Поднимаю на него глаза. В моих глазах нет ярости. Есть что-то худшее: ледяное, почти научное разочарование и жалость. Как к неразумному животному, которое не понимает правил игры и потому должно быть усмирено. Жестоко и быстро.

Говорю тихо, почти печально:

— Этого... не надо было делать, гражданин Розенгольц. Совсем не надо.

Слова ещё висят в воздухе, а я уже двинулся.

Это не яростный бросок. Это — выверенная, жестокая эффективность. Два шага — и я перед ним. Хватаю его за волосы и с короткого замаха бью лицом об стену.

Глухой, кошмарный стук. Как будто разбивают тыкву.

Он издаёт хриплый, животный стон, отскакивает от стены, теряя ориентацию.

Я не даю упасть. Ловлю. И наношу короткую, боксёрскую серию: апперкот в солнечное сплетение (слышен выдох всего воздуха), хук в печень (он сгибается вдвое), ребро ладони по основанию шеи.

Вся серия — три секунды. Удары глухие, точные, профессиональные. Без лишнего шума. Без крика. Только работа.

Розенгольц оседает на пол, скрючившись, давясь беззвучным кашлем, смешанным с кровью.

Я стою над ним, дышу ровно. Поправляю манжет на рукаве кителя.
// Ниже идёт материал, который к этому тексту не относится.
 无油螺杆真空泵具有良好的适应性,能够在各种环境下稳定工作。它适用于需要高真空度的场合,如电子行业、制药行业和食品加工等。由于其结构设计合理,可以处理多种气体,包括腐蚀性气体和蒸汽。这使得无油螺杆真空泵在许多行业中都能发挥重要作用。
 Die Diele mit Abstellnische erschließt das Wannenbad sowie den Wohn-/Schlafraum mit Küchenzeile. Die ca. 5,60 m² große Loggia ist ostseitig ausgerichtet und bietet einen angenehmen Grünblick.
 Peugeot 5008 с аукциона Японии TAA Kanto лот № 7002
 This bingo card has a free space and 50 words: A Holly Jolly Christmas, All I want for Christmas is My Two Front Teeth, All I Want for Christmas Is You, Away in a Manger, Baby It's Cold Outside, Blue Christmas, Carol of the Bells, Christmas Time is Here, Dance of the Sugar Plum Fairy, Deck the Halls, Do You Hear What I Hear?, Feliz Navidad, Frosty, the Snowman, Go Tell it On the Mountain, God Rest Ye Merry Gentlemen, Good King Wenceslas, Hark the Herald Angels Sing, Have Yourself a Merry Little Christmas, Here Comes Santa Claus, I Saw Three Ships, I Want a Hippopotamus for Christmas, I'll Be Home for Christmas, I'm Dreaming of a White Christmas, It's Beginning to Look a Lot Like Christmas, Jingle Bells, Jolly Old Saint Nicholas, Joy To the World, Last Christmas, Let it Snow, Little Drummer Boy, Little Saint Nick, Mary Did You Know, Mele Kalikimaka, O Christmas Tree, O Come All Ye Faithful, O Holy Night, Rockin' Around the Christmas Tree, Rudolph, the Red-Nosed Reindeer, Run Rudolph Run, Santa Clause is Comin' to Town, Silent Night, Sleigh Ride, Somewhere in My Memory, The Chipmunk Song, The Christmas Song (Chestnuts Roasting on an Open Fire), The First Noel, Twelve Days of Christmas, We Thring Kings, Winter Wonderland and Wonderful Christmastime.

На моём лице — ни злобы, ни удовольствия. Лёгкая усталость от необходимости применять грубую силу. Я предпочитаю более изящные методы.

Поворачиваюсь к Крестинскому. Он сидит, вжавшись в стул, с лицом, полным ужаса. Не от насилия. От этой леденящей, методичной беспощадности.
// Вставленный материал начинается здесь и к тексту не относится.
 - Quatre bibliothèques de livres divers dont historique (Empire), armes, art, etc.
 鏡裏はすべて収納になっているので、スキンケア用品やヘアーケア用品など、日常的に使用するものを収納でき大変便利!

— Вы всё видели, гражданин Крестинский. Гражданин Розенгольц добровольно подтвердит свои показания и, я уверен, вспомнит и детали ваших с ним преступных контактов. Не так ли?

Смотрю на Розенгольца на полу. Тот, захлёбываясь кровью, кивает, не в силах говорить.
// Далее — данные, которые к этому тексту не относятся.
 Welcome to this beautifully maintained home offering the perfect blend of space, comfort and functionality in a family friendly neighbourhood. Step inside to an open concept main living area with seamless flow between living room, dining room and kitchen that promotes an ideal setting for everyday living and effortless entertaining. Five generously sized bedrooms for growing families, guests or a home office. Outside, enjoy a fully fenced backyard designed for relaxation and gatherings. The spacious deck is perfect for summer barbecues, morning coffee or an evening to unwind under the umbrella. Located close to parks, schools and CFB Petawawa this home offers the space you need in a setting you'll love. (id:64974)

— Поднимите его. Дайте протокол для подписи, — говорю охраннику.

Возвращаюсь к своему столу, сажусь. Вынимаю тот же платок, ещё раз внимательно осматриваю пятно. Кладу его в карман брюк — отдать в стирку.

Спектакль окончен. Два актёра разбиты. Один — физически. Другой — морально. Связь между ними «установлена» под диктовку страха и боли. Картина заговора получила ещё два ярких, убедительных мазка.

Я поправил ход действия. Жёстко, но необходимо. Всё кончено. Можно переходить к следующему акту.